Danielle Collins: I considered a couple other schools. In high school, it came down to Florida, Georgia and Virginia. I couldn’t transfer to Georgia because Georgia was in the SEC, and I would have had to sit out a year, and I didn’t want to go there anyway. I knew the coaches here and really liked them, and I had a good relationship with them, so that was the main reason I came here. There’s so much that goes into the tennis in college and also a lot of classwork. Is it hard to balance the two?

Danielle Collins: For me it’s been really hard to balance the two. I’m trying to double major in media studies and drama, and I’m in the process of doing that right now, and I’m also trying to do really well with my tennis, so sometimes it’s kind of hard to balance, but luckily I have a good support system, good coaches, good people that are a part of our athletic staff, academic advisers that have been really helpful and are always there to help whenever needed, and so that really helps a lot. It makes things a lot easier. What do you want to do after college?

Danielle Collins: I would really like to be a sports reporter. I would really like to work for ESPN or FOX Sports or TBS one day, preferably doing college football, but I wouldn’t mind working in other sports. I like baseball, basketball, hockey – and tennis, obviously. Are you going to try to play tennis professionally, or will you focus on sports reporting after graduating?

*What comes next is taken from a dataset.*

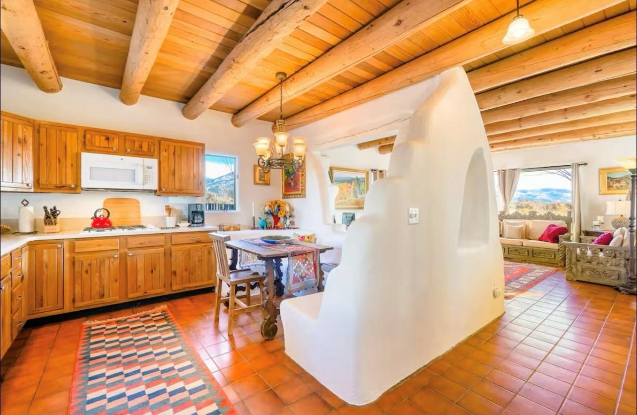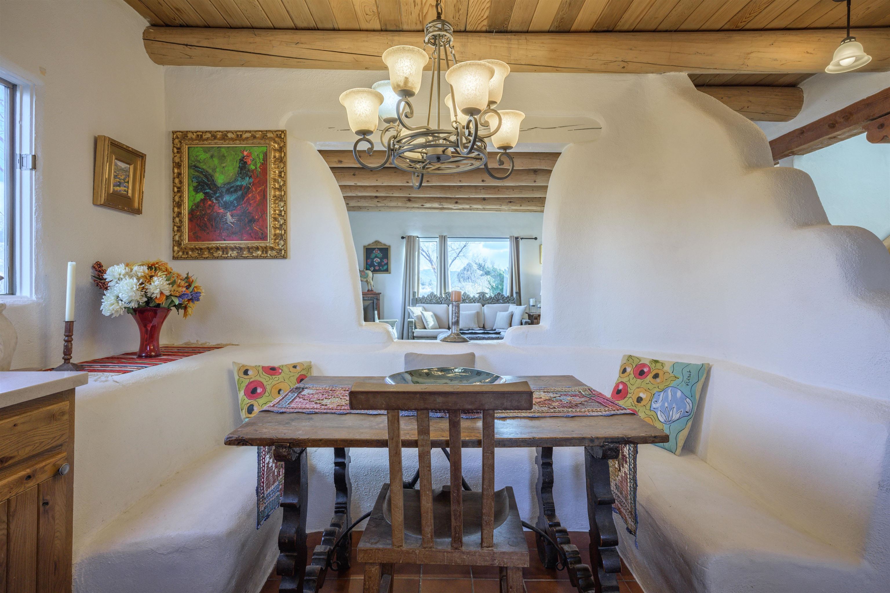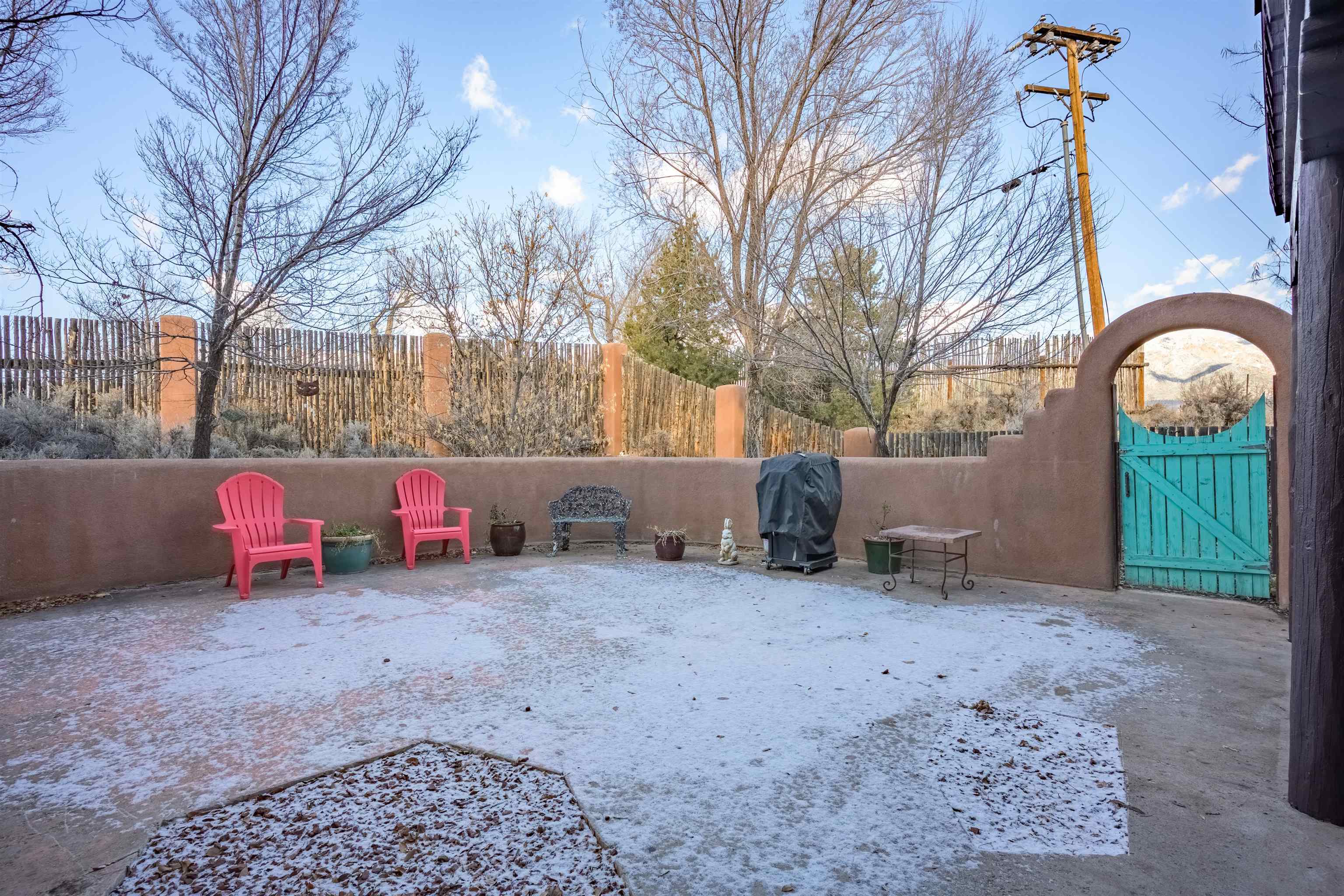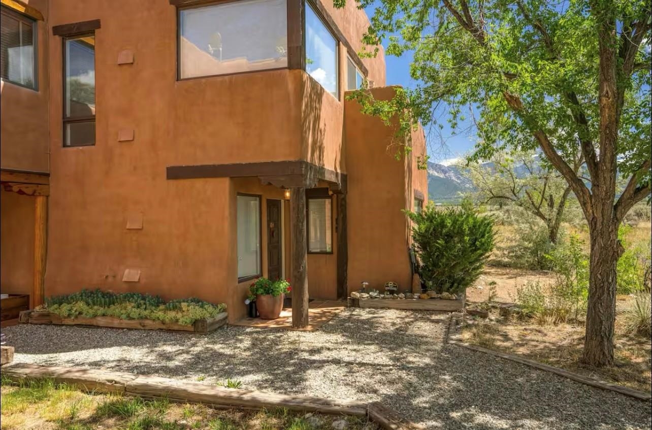 YOUR PLACE IN THE FUN. If your’e looking for a stylish get-a-way or home-sweet-home that’s near Taos Ski Valley and the great outdoors yet convenient to town, then take a look at this find! This 2BR/2BA approx. 1,4016 sq ft townhouse (no HOA fees) has so much to offer. The unbeatable location puts you under 30 min. to TSV and USFS and under 5 min. from the Tennis Ranch for tennis, pickleball, and swimming as well as 6 nearby restaurant/bars.. Picturesque Arroyo Seco is just up the road for shops, galleries, and even a well -stocked grocery. Being an end unit in this small 4 unit complex, there are lots of windows to provide lots of dramatic mountain views and lots of natural light. The living room has or an airy feel and the vigas, Mexican tile floors, bancos, and a nicho create a warm, Southwest ambience. The ample kitchen functions perfectly for a couple or a small crowd and boasts a built-in banco for in-kitchen seating. An artistic “keyhole†design separates the area and echoes traditional pueblo architecture. Out the kitchen door is an expansive, private walled patio to extend living area in the warmer months. Pets? A fenced dog run is possible. Completing the downstairs is a full bath with a washer/dryer convenient to all. Upstairs is the spacious primary bedroom with a sunny nook ideal for an office ( if you must), or relaxing with a good book or some good music. The 2nd bedroom offers more mountain views with a deck with space to chill, take in the views, or sip a cerveza. A large second bath with dual Talavera sinks completes the upper level. You’ll love the tranquility yet you have easy year-round access to the historic Town of Taos, colorful Arroyo Seco, TSV, USFS, Rio Grande Nat’l Monument, so hiking, biking, skiing, boarding, fishing, golf, and horseback riding are all available when you want to play. Isn’t it time to “Live a Little?†(Note: this is a townhouse, not a condo)

Danielle Collins: I’m going to try to play for a little while and see how it goes. If I’m doing well with my tennis, then I’ll continue to do that, and if not, then I’ll probably try to get a job and start working. What do you enjoy most about college tennis?

Danielle Collins: Probably the team camaraderie aspect. It’s really fun being on a team and having a group of great girls to work with and practice with every day and especially having the same goals and being able to share all that with each other. What advice would you give to junior players who want to play in college?

Danielle Collins: I would say to really enjoy your junior experience as much as you can because once you start playing college tennis, it’s really fun, but it’s a lot different. You have a little bit more freedom when you’re playing junior tennis and it’s a developmental stage, and I think a lot of times people put so much pressure on themselves, whether it’s them individually or their parents, for rankings, playing tournament after tournament. And so I think it’s really important to keep things in [perspective] and try to just enjoy the ride.